▶ **What this task involves**:
Locate all lines in the data below that hold "fire" and show them.

· · ·

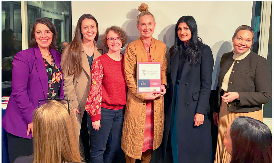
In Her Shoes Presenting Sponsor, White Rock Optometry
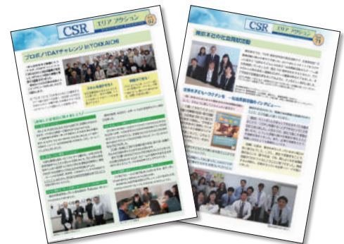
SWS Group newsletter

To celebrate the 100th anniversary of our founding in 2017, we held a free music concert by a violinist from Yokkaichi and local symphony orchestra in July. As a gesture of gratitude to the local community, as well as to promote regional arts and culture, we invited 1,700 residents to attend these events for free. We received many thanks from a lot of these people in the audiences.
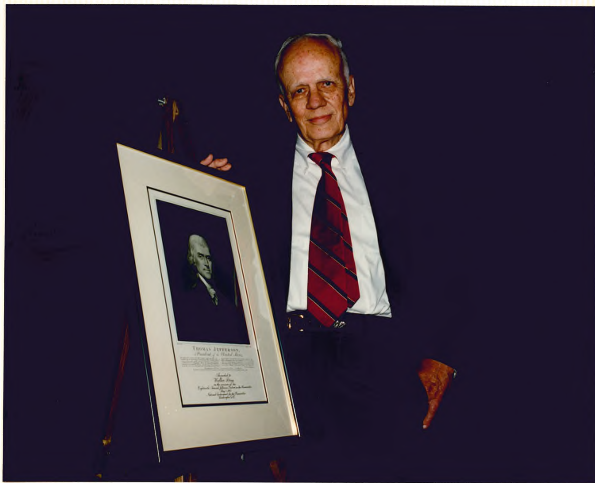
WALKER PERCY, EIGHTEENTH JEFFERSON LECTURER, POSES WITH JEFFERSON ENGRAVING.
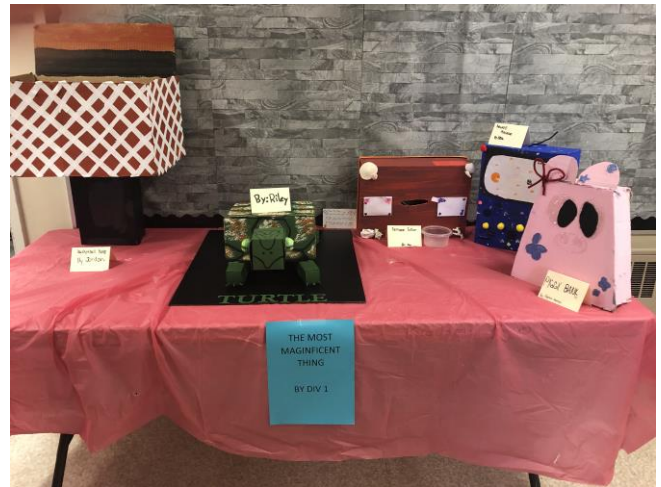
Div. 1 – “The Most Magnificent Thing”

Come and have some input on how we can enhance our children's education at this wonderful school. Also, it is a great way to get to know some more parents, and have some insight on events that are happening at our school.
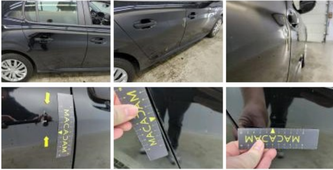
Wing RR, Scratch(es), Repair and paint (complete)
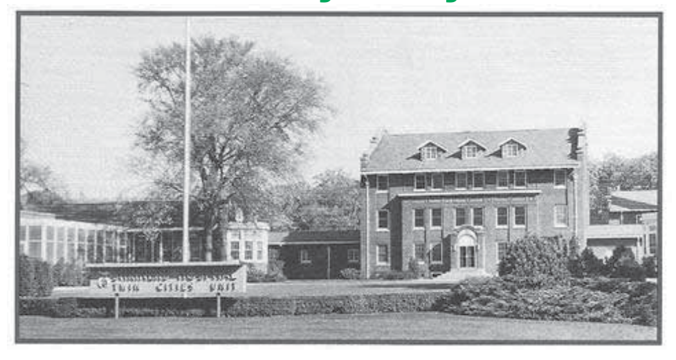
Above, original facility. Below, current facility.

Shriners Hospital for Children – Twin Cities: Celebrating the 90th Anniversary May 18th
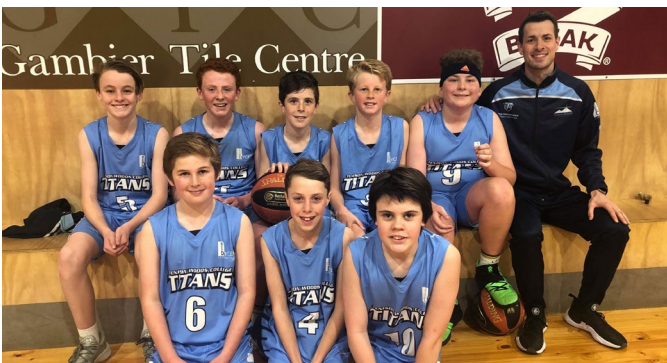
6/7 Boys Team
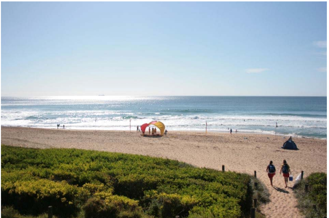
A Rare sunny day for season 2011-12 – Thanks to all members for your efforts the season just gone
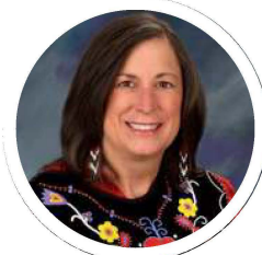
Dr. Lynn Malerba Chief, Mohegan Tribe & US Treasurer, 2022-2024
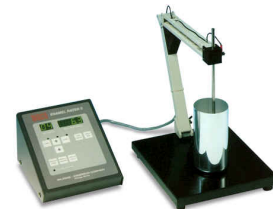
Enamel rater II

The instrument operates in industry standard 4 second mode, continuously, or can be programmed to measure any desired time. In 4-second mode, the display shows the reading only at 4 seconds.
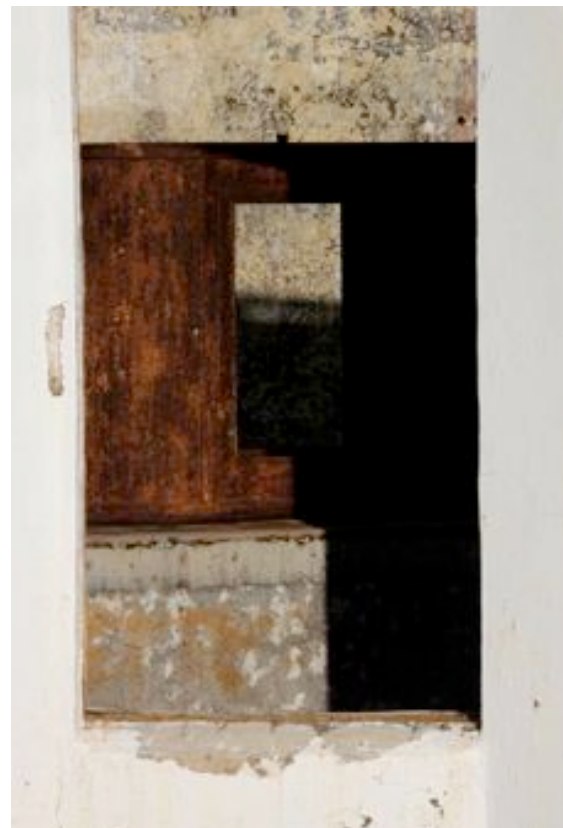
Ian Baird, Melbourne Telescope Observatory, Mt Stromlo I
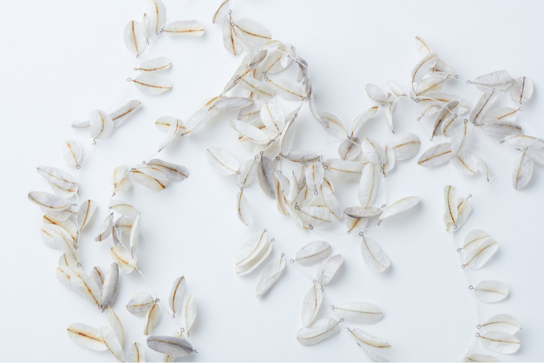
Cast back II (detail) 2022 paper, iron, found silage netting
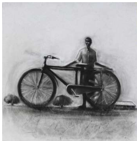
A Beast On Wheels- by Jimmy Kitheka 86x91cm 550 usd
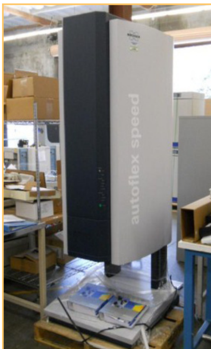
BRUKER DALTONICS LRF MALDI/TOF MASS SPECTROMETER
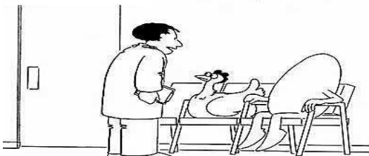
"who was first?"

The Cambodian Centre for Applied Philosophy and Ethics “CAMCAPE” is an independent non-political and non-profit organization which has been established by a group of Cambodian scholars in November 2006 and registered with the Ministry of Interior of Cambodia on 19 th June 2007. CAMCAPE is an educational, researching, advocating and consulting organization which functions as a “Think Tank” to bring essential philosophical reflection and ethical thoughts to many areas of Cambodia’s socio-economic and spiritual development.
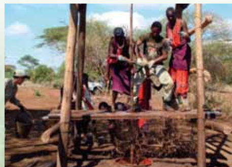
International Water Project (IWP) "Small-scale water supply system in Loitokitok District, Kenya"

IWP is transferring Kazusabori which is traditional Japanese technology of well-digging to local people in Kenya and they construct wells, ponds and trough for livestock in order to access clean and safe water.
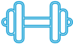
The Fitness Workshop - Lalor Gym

· · ·

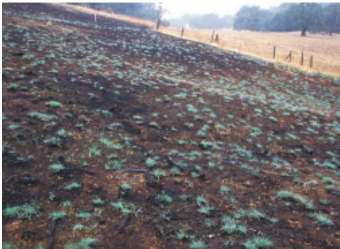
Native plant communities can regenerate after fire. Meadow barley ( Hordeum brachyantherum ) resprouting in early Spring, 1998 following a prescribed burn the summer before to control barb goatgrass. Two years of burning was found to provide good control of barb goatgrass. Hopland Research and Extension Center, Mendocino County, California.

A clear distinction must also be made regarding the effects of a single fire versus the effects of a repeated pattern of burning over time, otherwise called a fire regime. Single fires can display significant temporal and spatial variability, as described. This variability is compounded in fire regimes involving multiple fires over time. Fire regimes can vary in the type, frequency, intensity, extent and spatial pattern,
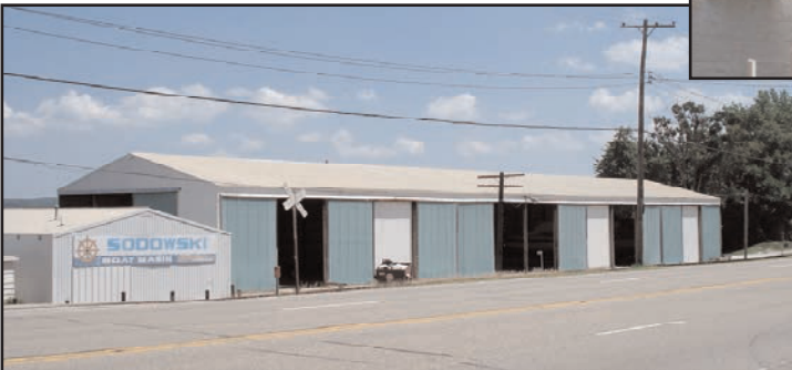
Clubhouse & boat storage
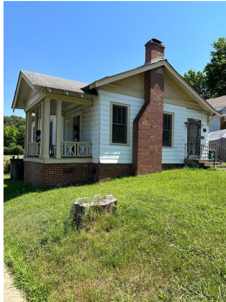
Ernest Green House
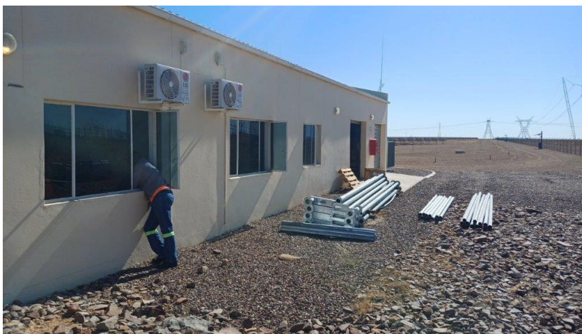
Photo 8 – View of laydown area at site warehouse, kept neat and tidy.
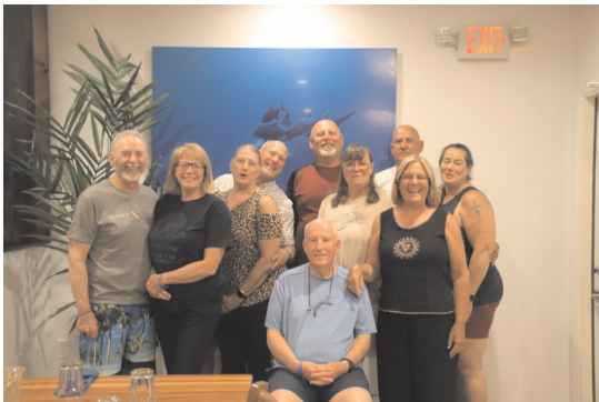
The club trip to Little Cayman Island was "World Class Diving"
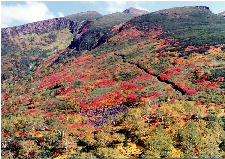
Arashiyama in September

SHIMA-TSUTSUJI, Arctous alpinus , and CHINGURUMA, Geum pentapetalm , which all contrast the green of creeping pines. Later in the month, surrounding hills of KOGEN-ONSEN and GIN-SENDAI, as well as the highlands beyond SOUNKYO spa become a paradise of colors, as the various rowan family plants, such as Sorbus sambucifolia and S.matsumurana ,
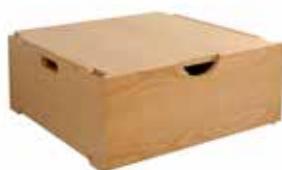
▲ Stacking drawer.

· · ·

▶ **Task response**:
Native plant communities can regenerate after fire. Meadow barley ( Hordeum brachyantherum ) resprouting in early Spring, 1998 following a prescribed burn the summer before to control barb goatgrass. Two years of burning was found to provide good control of barb goatgrass. Hopland Research and Extension Center, Mendocino County, California.
A clear distinction must also be made regarding the effects of a single fire versus the effects of a repeated pattern of burning over time, otherwise called a fire regime. Single fires can display significant temporal and spatial variability, as described. This variability is compounded in fire regimes involving multiple fires over time. Fire regimes can vary in the type, frequency, intensity, extent and spatial pattern,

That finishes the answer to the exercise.